I have about 6 yrs experience in the Food Industry (mostly fine dining) and am currently working as a first cook in Vancouver. I recently finished my apprenticeship and got my red seal, and am trying to get into catering, doing a couple gigs on the side. So far it's been mostly family + close friends, but I have managed to pick up a "real" event in september. It's for 50 people, stand-up hot and cold appies, 10-12 items total - food only: drinks, dishes, tables etc. provided by the hostess. I am looking for some feedback on what I should charge for this. What is the going rate?
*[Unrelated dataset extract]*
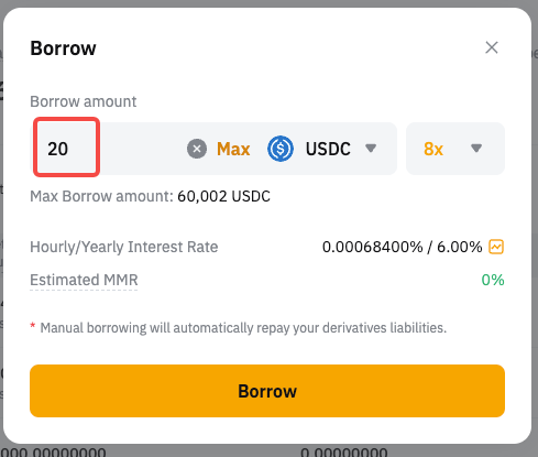 Step 2: Enter the amount and click Borrow to confirm.
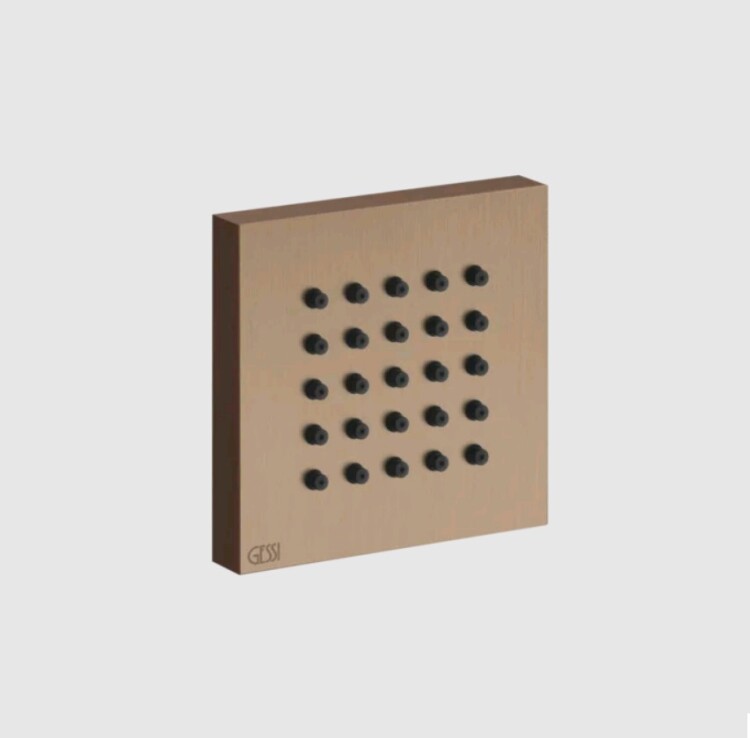 Форсунка, Gessi, Body Jets, боковая, форма-квадратная, ширина, мм-65, глубина, мм-11,5, высота, мм-65, цвет-Copper Brushed PVD Форсунка, Gessi, Body Jets, цвет-Copper Brushed PVD

Do I charge an hourly rate for prep + cost out all the items....is there an easier way? Keeping in mind I am new at this, and want to keep things simple.

Any tips/ advice would be welcomed !

Thanks


----------



## shroomgirl (Aug 11, 2000)

are you staying or dropping off? 

most caterers charge per person for food, final guest count due prior (typically 1-2 weeks, but depends on estimated number, whether you order locally or bringing in special shutff etc) after that time the count may increase at a greater rate but not decrease.

If you are putting on disposable platters make sure to include their cost.

Bottom line is at the end of the day is working the gig worth it to you....if not figure out what would make it worth your time.


----------